*TASK DESCRIPTION:* Please restate word for word each line from the one containing "Samsung targets a" to the last line of the records below, and drop the pictures.

*DATA LISTING:*
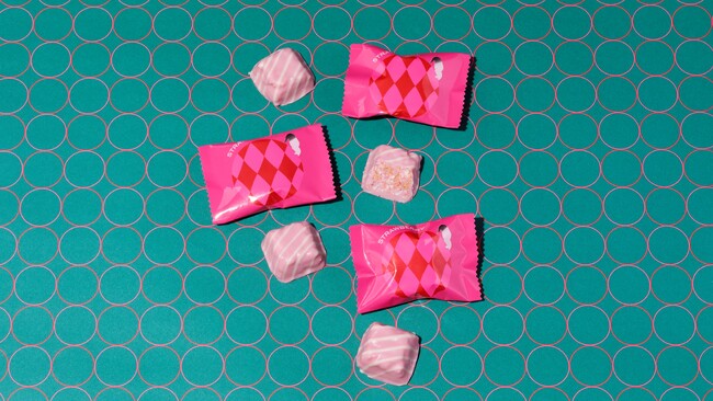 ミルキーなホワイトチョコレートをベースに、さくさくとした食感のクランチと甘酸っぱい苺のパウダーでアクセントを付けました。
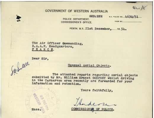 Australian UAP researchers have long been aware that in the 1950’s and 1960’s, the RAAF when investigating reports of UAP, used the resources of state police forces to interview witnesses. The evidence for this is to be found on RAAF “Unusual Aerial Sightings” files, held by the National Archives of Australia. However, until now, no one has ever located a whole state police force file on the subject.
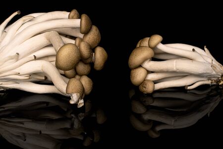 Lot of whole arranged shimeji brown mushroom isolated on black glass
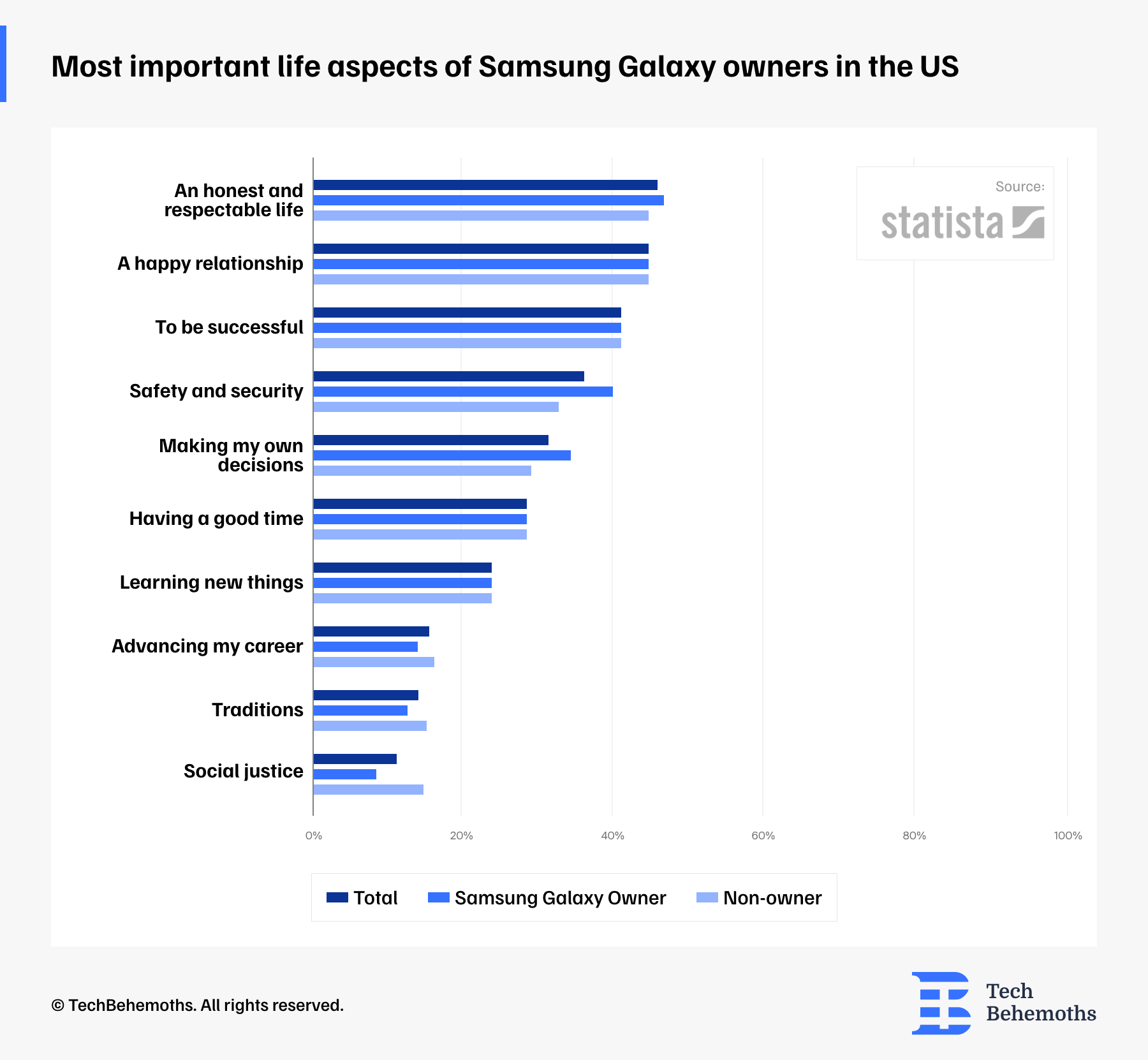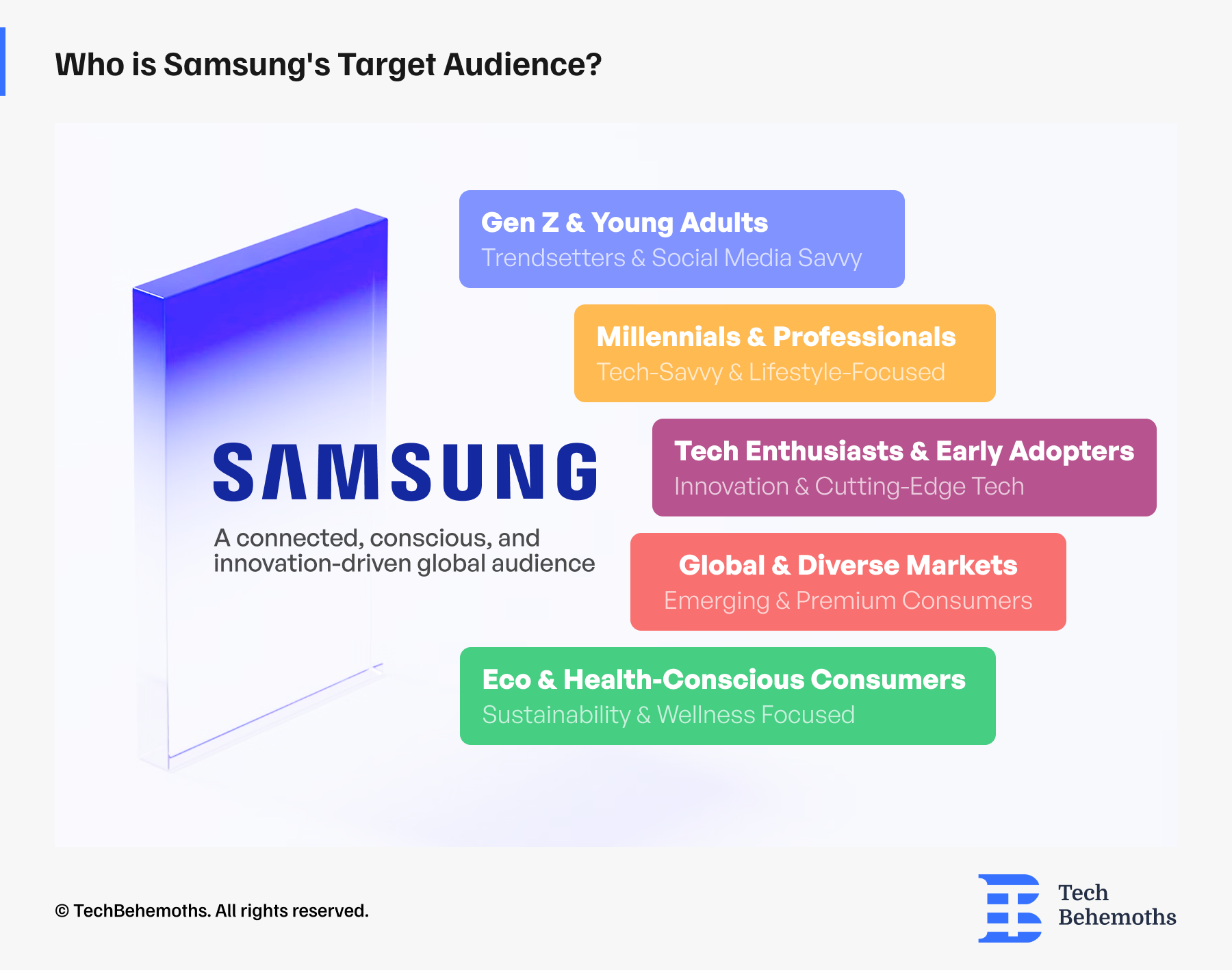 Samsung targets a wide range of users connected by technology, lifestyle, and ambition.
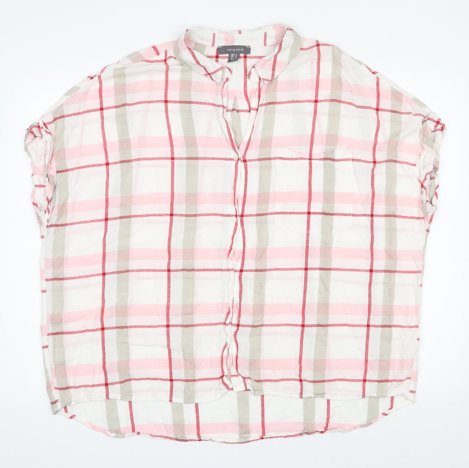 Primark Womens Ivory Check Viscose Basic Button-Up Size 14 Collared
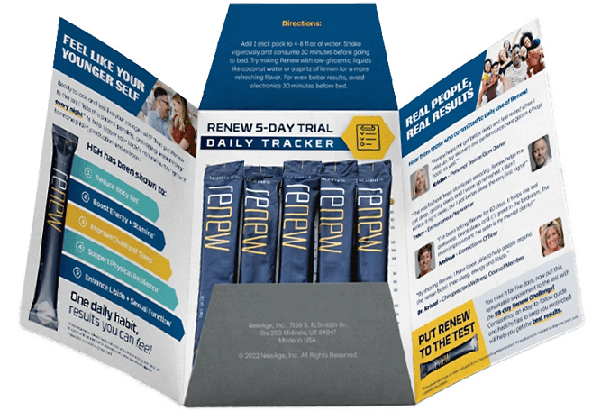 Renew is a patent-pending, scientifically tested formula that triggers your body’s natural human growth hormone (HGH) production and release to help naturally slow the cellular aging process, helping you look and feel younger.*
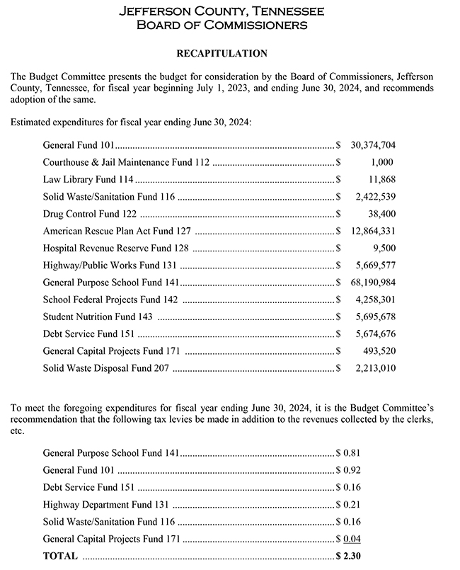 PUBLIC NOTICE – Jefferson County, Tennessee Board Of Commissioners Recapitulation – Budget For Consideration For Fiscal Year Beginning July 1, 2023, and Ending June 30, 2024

*TASK SOLUTION:*
 Samsung targets a wide range of users connected by technology, lifestyle, and ambition.
 Primark Womens Ivory Check Viscose Basic Button-Up Size 14 Collared
 Renew is a patent-pending, scientifically tested formula that triggers your body’s natural human growth hormone (HGH) production and release to help naturally slow the cellular aging process, helping you look and feel younger.*
 PUBLIC NOTICE – Jefferson County, Tennessee Board Of Commissioners Recapitulation – Budget For Consideration For Fiscal Year Beginning July 1, 2023, and Ending June 30, 2024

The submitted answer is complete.